Już od ponad roku PhotoAiD ma biuro w Santa Cruz de Tenerife. Każda osoba z firmy może pojechać na 2-3 tygodniowe workation. Niektórym tak się podobało, że byli już po kilka razy. Mnie spodobało się na tyle, że się na Teneryfę praktycznie przeprowadziłem. Jesteś ciekaw, czy Tobie też by się spodobało i jak to na co dzień wygląda?
7:00
Słońce wschodzi mniej więcej o tej porze przez cały rok. Dobrze wstać razem z nim, bo słońce to podstawa.
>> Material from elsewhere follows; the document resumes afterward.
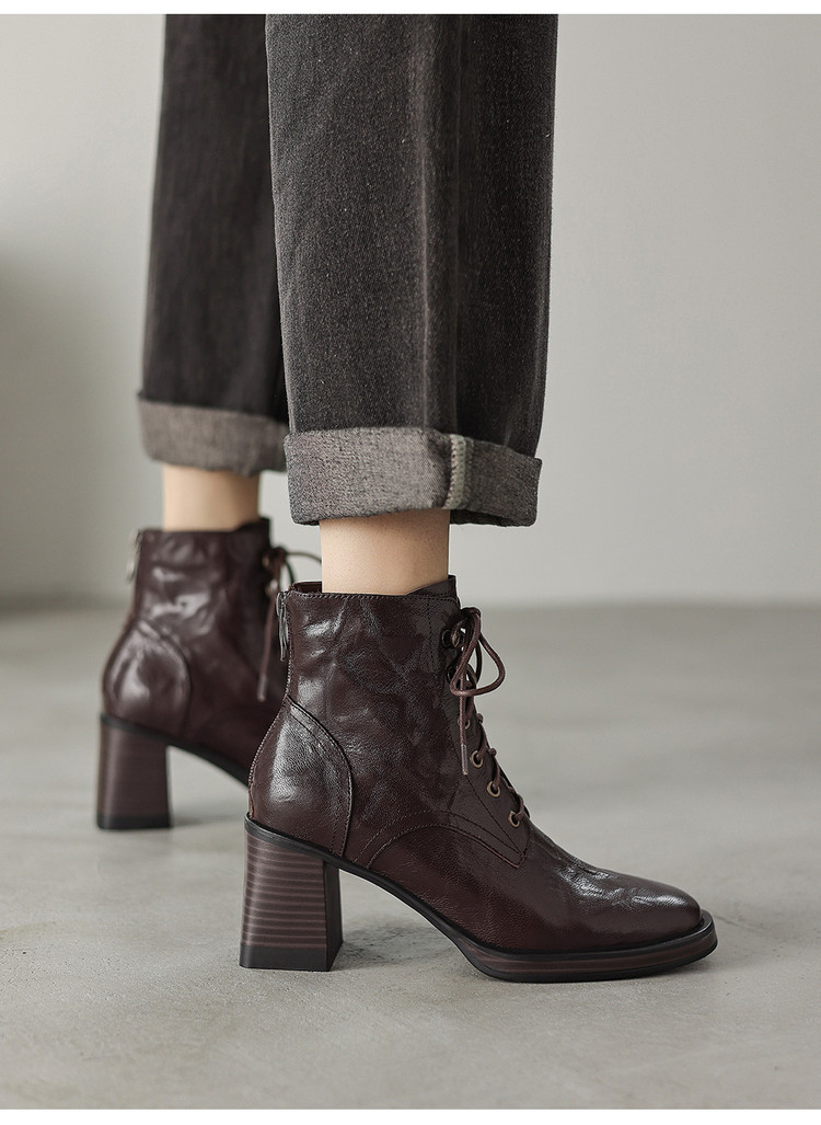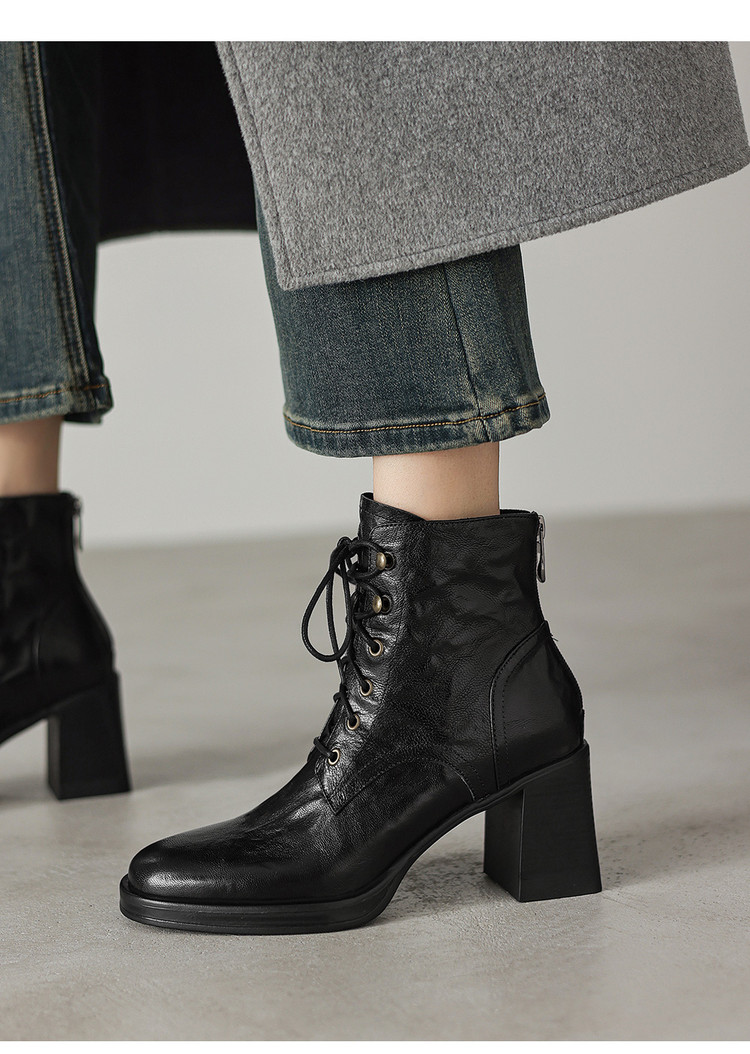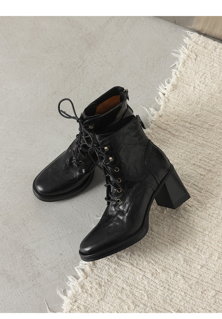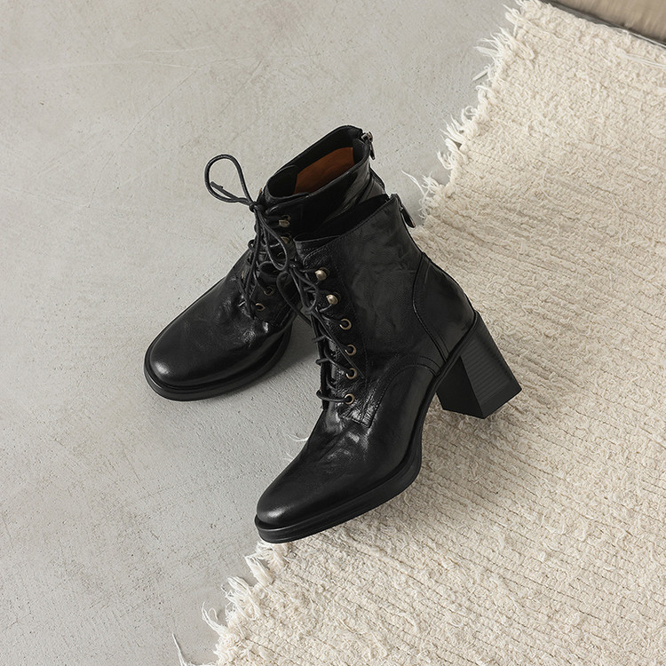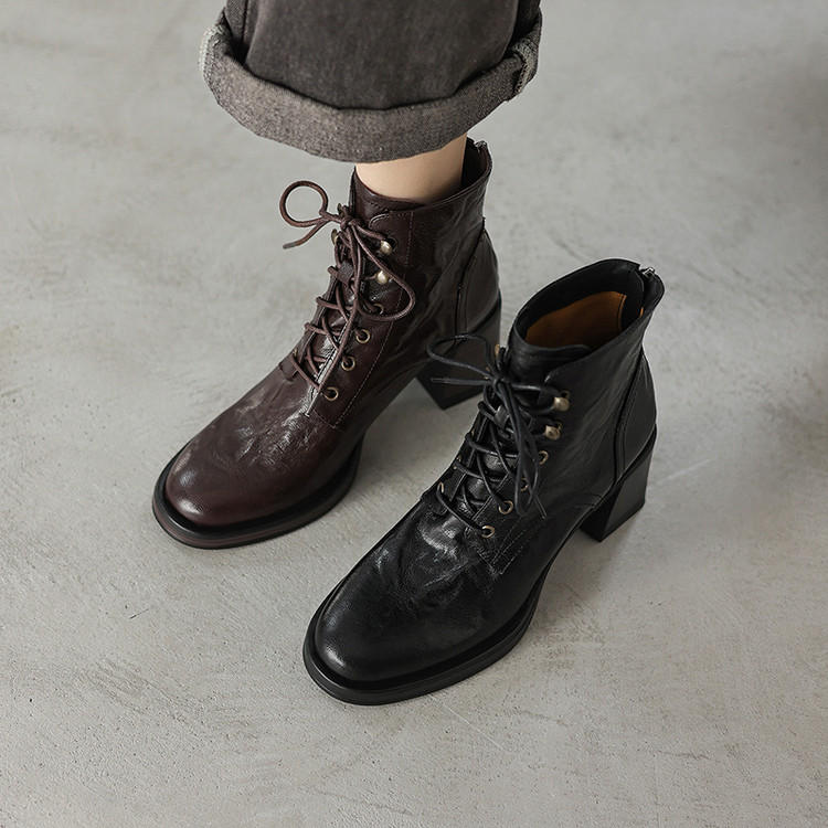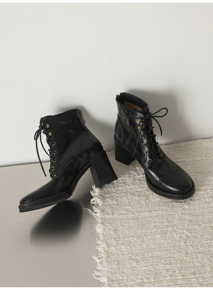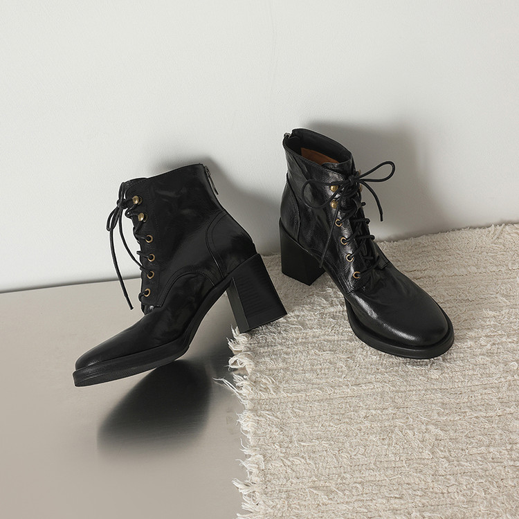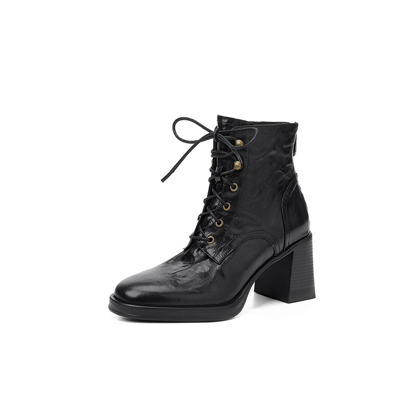 【预售5天】真皮方头粗跟马丁靴女秋冬英伦风复古百搭高跟系带短靴HB&1408

Minimum +30 punktów do zadowolenia z życia na start 🙂
Jeśli ktoś zaczyna pracę później lub pracuje bardziej asynchronicznie, może sobie zrobić spacer – np. do portu czy wzdłuż promenady. Niektórzy robią też mały workout – na zewnątrz lub w biurowej siłowni. Do dyspozycji jest też rower.
Jak ktoś je śniadania, to ma do dyspozycji dużą, wygodną kuchnię ze wszystkimi sprzętami. Może też zejść na dół do jednego z wielu barów. W budynku obok jest piekarnia ze świeżym pieczywem.
Jak ktoś śniadania je później (czyli de facto jada lunche), może od razu przystąpić do pracy. Do biura nie jest daleko, raptem parę kroków 🙂 Nasz 300-metrowy apartament dzieli się na część mieszkalną i biurową, które łączy korytarz.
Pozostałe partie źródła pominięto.